Chat Completions

The OpenAI Chat Completions endpoint is VM-X's broadest surface — every supported provider speaks it (natively or via conversion). Reach for it when:

Your application already uses the OpenAI SDK.
You want maximum provider portability (one shape works for OpenAI, Anthropic, Gemini, Groq, Perplexity, AWS Bedrock).
You don't need the typed-event streaming shape of /responses or the Anthropic-specific features (cache_control, extended thinking, server tools) of /anthropic/messages.

Endpoint

POST /v1/completion/{workspaceId}/{environmentId}/chat/completions

Headers:

Content-Type: application/json
Authorization: Bearer <vmx-api-key>

Request shape: standard OpenAI Chat Completions body, plus an optional vmx envelope.
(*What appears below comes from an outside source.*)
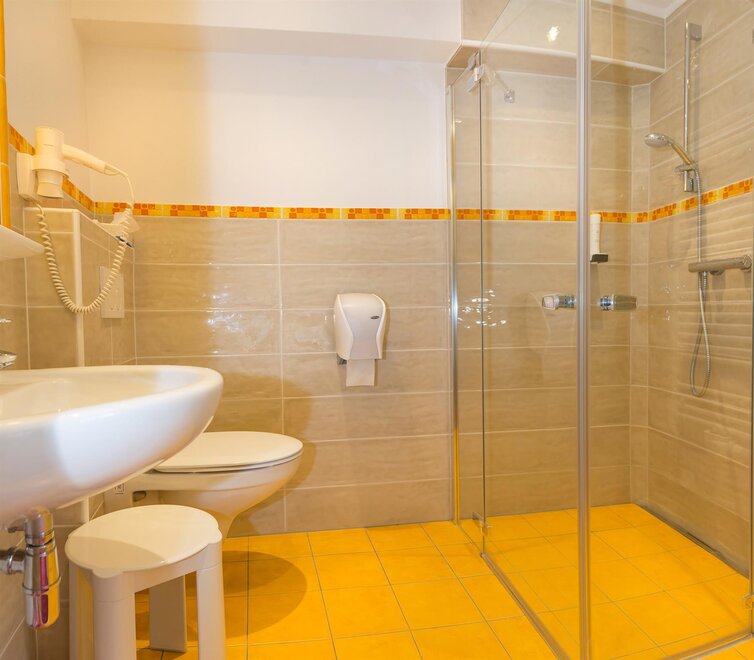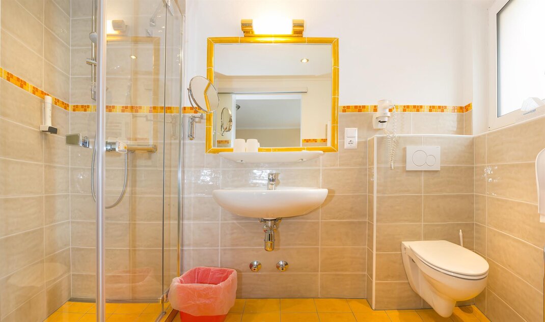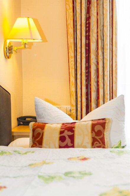 Our single rooms are approx. 12 m2 in size and are equipped as follows: box spring bed, sitting area, TV, telephone, luggage block, balcony with furniture, bathroom with shower, toilet, cosmetic mirror, shower stool, towel warmer and hair dryer.

Use the VM-X resource name in model, not the upstream model id.

Quick start

Python (OpenAI SDK)
TypeScript (OpenAI SDK)
cURL

from openai import OpenAI

client = OpenAI(
    api_key="<vmx-api-key>",
    base_url="http://localhost:3000/v1/completion/<workspace>/<environment>",
)

response = client.chat.completions.create(
    model="my-resource",
    messages=[{"role": "user", "content": "Hello!"}],
)

print(response.choices[0].message.content)

import OpenAI from 'openai';

const client = new OpenAI({
  apiKey: '<vmx-api-key>',
  baseURL: 'http://localhost:3000/v1/completion/<workspace>/<environment>',
});

const completion = await client.chat.completions.create({
  model: 'my-resource',
  messages: [{ role: 'user', content: 'Hello!' }],
});

console.log(completion.choices[0].message.content);

curl http://localhost:3000/v1/completion/<workspace>/<environment>/chat/completions \
  -H "Content-Type: application/json" \
  -H "Authorization: Bearer <vmx-api-key>" \
  -d '{
    "model": "my-resource",
    "messages": [{"role":"user","content":"Hello!"}]
  }'

Ad-hoc model addressing — `<connection_name>/<model>`

If you don't want to pre-create an AI Resource, pass <connection_name>/<model> in the model field. VM-X looks up the connection by name in this workspace/environment and dispatches directly to the upstream model on it. Useful for scratch work and one-off calls that don't need routing or a fallback chain.

Python (OpenAI SDK)
TypeScript (OpenAI SDK)
cURL

# "openai-prod" is the AI Connection name; "gpt-4o-mini" is the
# upstream OpenAI model id. No resource record required.
response = client.chat.completions.create(
    model="openai-prod/gpt-4o-mini",
    messages=[{"role": "user", "content": "Hello!"}],
)

const completion = await client.chat.completions.create({
  model: 'openai-prod/gpt-4o-mini',
  messages: [{ role: 'user', content: 'Hello!' }],
});

curl http://localhost:3000/v1/completion/<workspace>/<environment>/chat/completions \
  -H "Content-Type: application/json" \
  -H "Authorization: Bearer <vmx-api-key>" \
  -d '{
    "model": "openai-prod/gpt-4o-mini",
    "messages": [{"role":"user","content":"Hello!"}]
  }'

The first / is the separator; anything after it is the upstream model id verbatim — so bedrock-prod/anthropic.claude-3-5-sonnet-20241022-v2:0 works as you'd expect, including the trailing :0. If no connection of that name exists, VM-X falls back to looking the literal string up as a resource name, so resource names that legitimately contain / still resolve.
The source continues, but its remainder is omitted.